LLM-X is a primarily command-line library for delivering theoretical, yet highly accurate, metrics on the computational resources required for inference in large language models. It handles most SafeTensors (Hugging Face) model architectures.

## Key features

- **Memory Deficit/Surplus Analysis**: 
  - Calculate as a percentage memory deficits (when memory is not sufficient for inference) and memory surpluses (when memory is sufficient for inference), also considering that memory in use by the operating system and other processes.
  - *Example:* A **+480.7% deficit** alert immediately informs the user that the model is nearly 5x larger than the available GPU memory. In the absence of an available or detected GPU, the user will be informed that the deficit is not in VRAM but in RAM.
- **Dynamic Overhead Awareness**: 
  - Through ```psutil``` and NVML (```nvidia-ml-py```), LLM-X determines whether the model can fit in GPU memory (VRAM) or system memory (RAM).
- **Resources Required According to Quantization Levels**
   - LLM-X offers a comparative matrix with the resources required for inference according to different levels of quantization and context windows.
## Installation

Since it is natively a library, it can be easily installed via [PyPI](https://pypi.org/project/llm-x/) using ``pip``.

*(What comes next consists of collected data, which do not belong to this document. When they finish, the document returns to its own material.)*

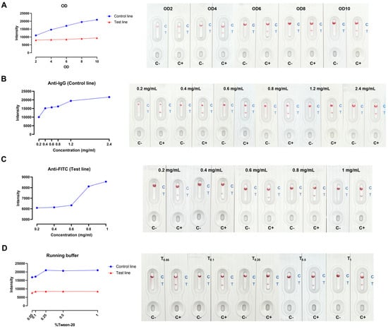 In-house LFA optimization (A) anti−biotin conjugated AuNPs concentrations, (B) anti−IgG antibody concentrations, (C) anti−FITC concentrations, and (D) % tween−20 in running buffer.
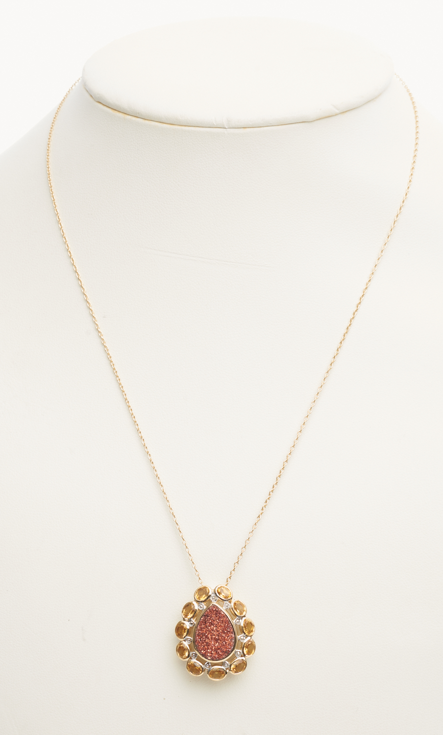A GOLDSTONE AND CITRINE PENDANT IN SILVER GILT, TOTAL LENGTH 45CM
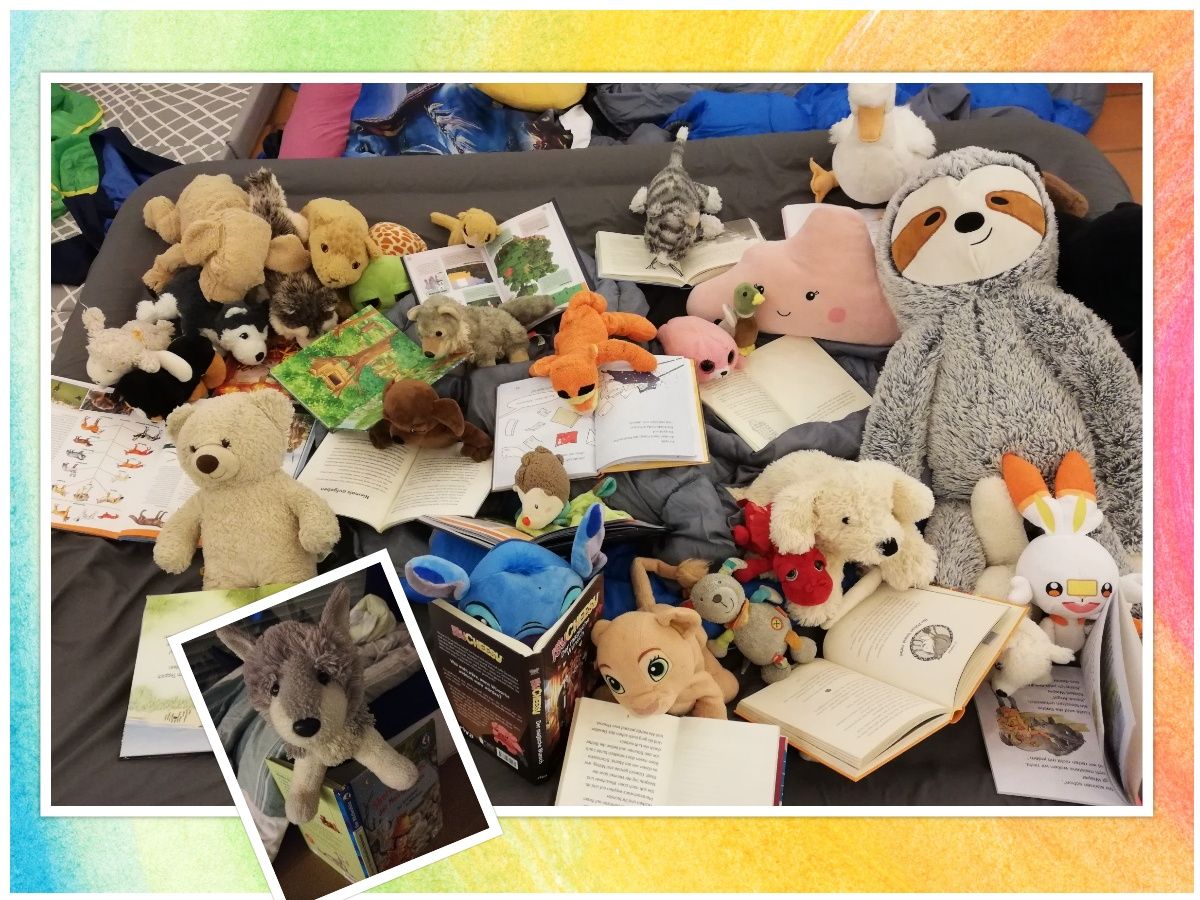 Natürlich durften neben unserem Klassentier Wölfchen auch unsere Kuscheltiere nicht fehlen. Gemeinsam hatten wir richtig viel Spaß beim Schmökern in unseren Lieblingsbüchern, beim Pizzaessen und der anschließenden Übernachtung in der Schule. Sogar der Schulgeist hat es sich nicht nehmen lassen, einmal vorbeizuschauen. Glaubt ihr nicht? Wir könnten euch da Geschichten erzählen...
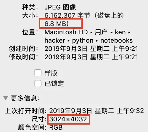 可能大家觉得这张图片还不算大。我测算,用自己的 iPhone 8 Plus 正常拍摄一张手机照片,它的大小是 3024 × 4032 ,这样一张图片在未压缩的情况下,所占用的存储空间大小是 3024 × 4032 × 3 = 35 MB 。而实际,如下图,在我的 Mac 上看到的图片, 只有 6.8 M ,也就是说,我们在使用手机拍摄照片后,在保存在相册之前,相机程序已经自动对我们拍摄的照片照片进行了压缩,这里的压缩比是 35 / 6.8 = 5,压缩比并不是一个固定值,也就是说同样大小的不同照片,在经过相同的压缩处理后,占用磁盘的空间也是不一样的。
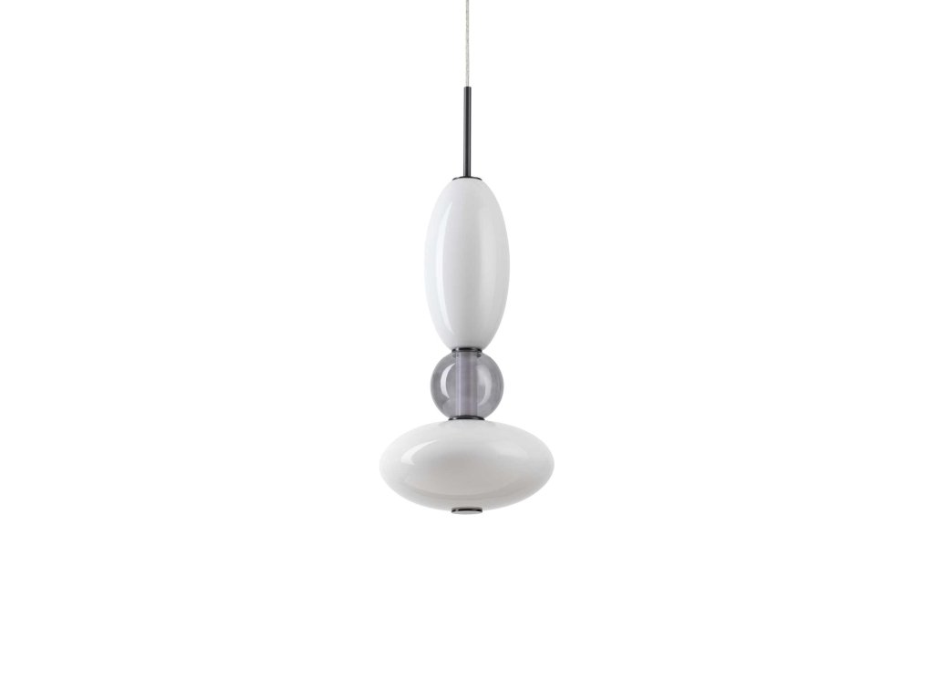 Matne čierno lakovaný kovový rám s bielym difúzorom a šedým fúkaným skleneným dekoratívnym prvkom. Svietidlo je vhodné do jedálne alebo obývačky.
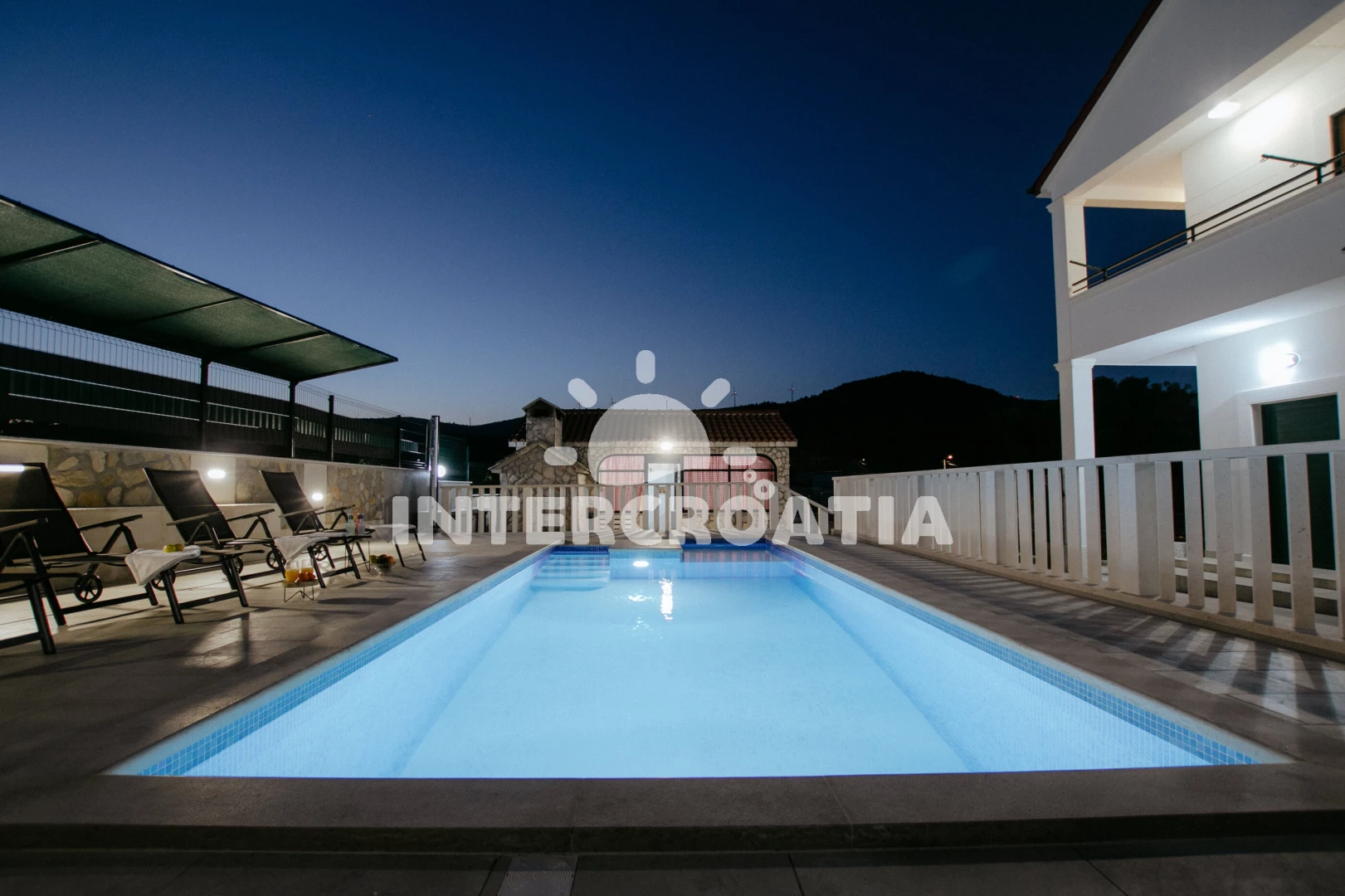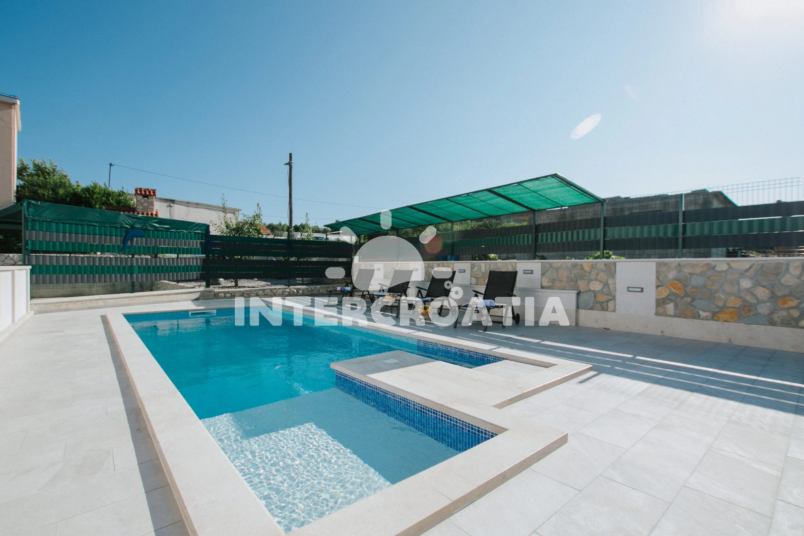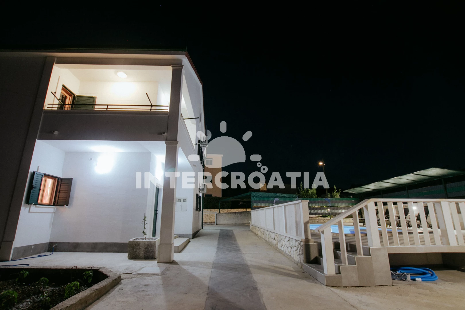Domek se nachází 1200 m od moře a pláže. Pláž je oblázková. Domek disponuje bazénem s lehátky pro ubytované hosty. U objektu je k dispozici společná zahrada s posezením a grilem. Parkování je před domem.
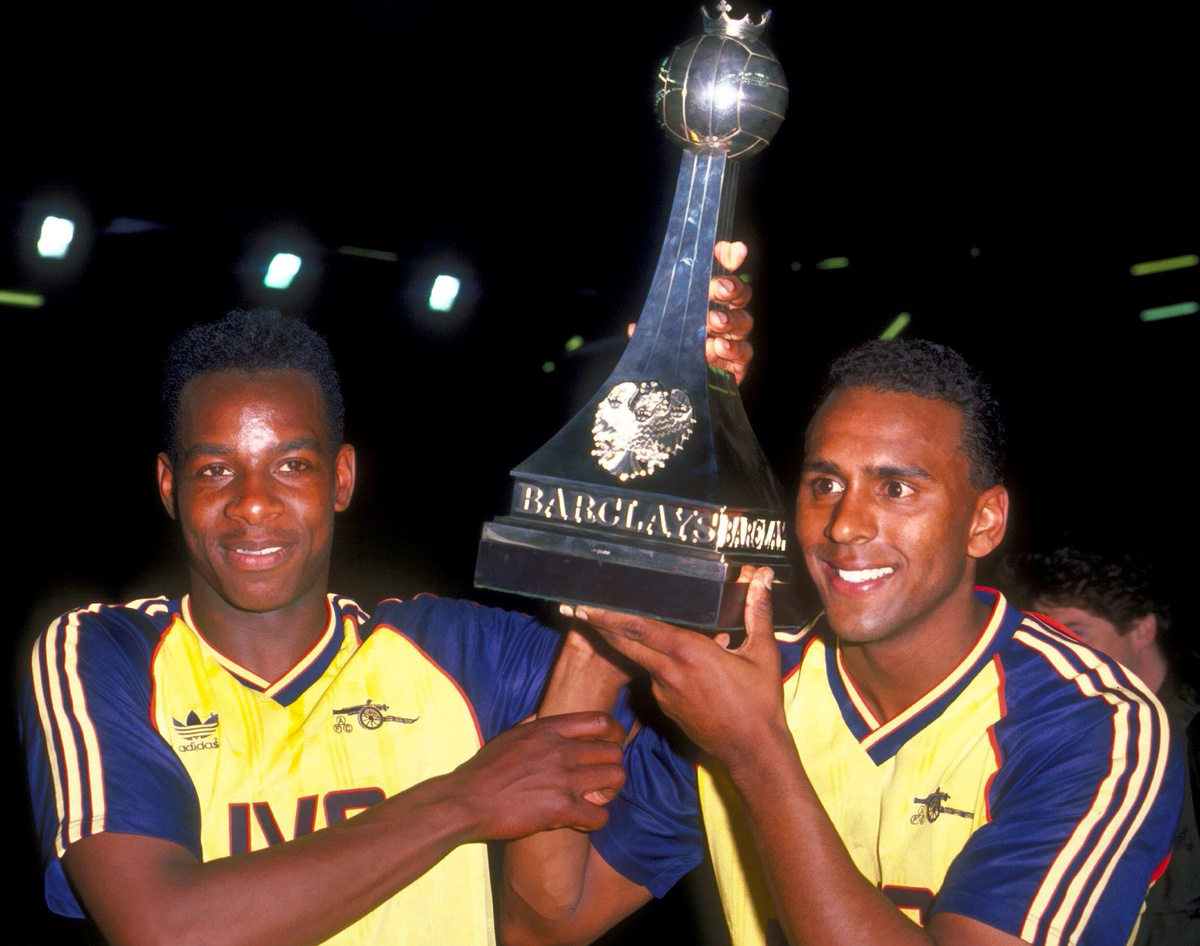 SOCCER - Arsenal's Michael Thomas and David Rocastle hold up the first division trophy following a 2-0 win over fellow title contenders Liverpool at Anfield on the last day of the 1988-89 league season.
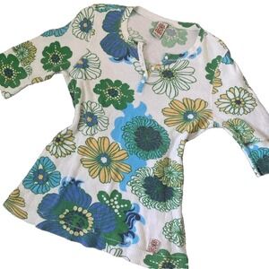 Vintage Lucky Brand Y2K Floral Henley Women's Top Waffle Texture 3/4 Sleeve L
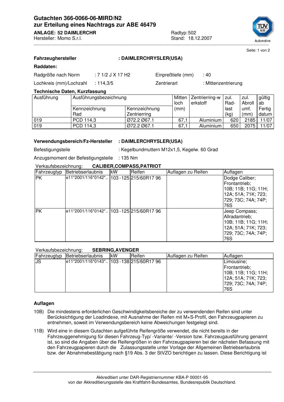 Dieses Gutachten (abe) bezieht sich auf die Alufelge brand-momo 502 in der Ausführung 2Jx17 ET 0, Mittenloch 0 mm (KBA 46479). Im PDF findest du typischerweise zulässige Reifengrößen, Auflagen/Anbauhinweise und – je nach Dokument – Hinweise zur Eintragung.

- ```pip install llm-x-py```

It can also be installed by cloning this repository and installing it locally.

- ```git clone https://github.com/Sheikyon/LLM-X.git```
- ```cd LLM-X```
- ```pip install .```

## Usage 

- **Core Estimation** (`--model-src`, `-m`)
  - **Model Sources**
    - Local: Absolute paths or `.` for the current directory.
    - Remote: Hugging Face Model IDs or full repository URLs.
  - **Inference Configuration**
    - Context Window (`--context`, `-c`): Set specific token limits.
    - Batch Size (`--batch`, `-b`): Defaults to 1.
    - KV Cache Settings:
      - Precision (`--kv-dtype`, `-q`): Data type for the cache (e.g., BF16).
      - Quantization (`--kv-quant`): Compression method for the KV cache.

- **Hugging Face Token Management**
    - Add (`--set-new-token`): Save and automatically sort new access tokens.
    - Select (`--set-token`): Set an existing token as the active one by ID.
    - List (`--token-list`): Displays a `rich` table with IDs, Active status, and previews.
- **Token Cleanup**
    - Single (`--del-token`): Delete a specific token by index.
    - Purge (`--del-all-tokens`): Remove all stored tokens from the system.

## Accuracy

Using a **Qwen2.5-7B** (BF16) at **131,072 context** as a benchmark:

| Metric | hf-mem | Accelerate | **LLM-X (Ours)** | Status |
| :--- | :---: | :---: | :---: | :--- |
| **Weights (BF16)** | 14.19 GiB | 13.17 GiB | 14.19 GiB | Consistent |
| **KV Cache (131k)** | **0.00 GiB** | **0.00 GiB** | **14.00 GiB** | **Ignored** |
| **Engine Overhead** | **0.00 GiB** | **0.00 GiB** | **2.12 GiB** | **Ignored** |
| **Total VRAM Required** | **14.19 GiB** | **13.17 GiB** | **30.31 GiB** | **Reality** |
| **Error Rate** | **113.6%** | **130.1%** | **1.8%** | |

**LLM-X** achieves an accuracy rate of **≈ 98.2%**, closely matching the empirical metrics of ```torch.cuda.memory_allocated()```, which tracks actual tensors allocated in memory. This also results in an error rate of only ***≈ 1.8%*** in supported models.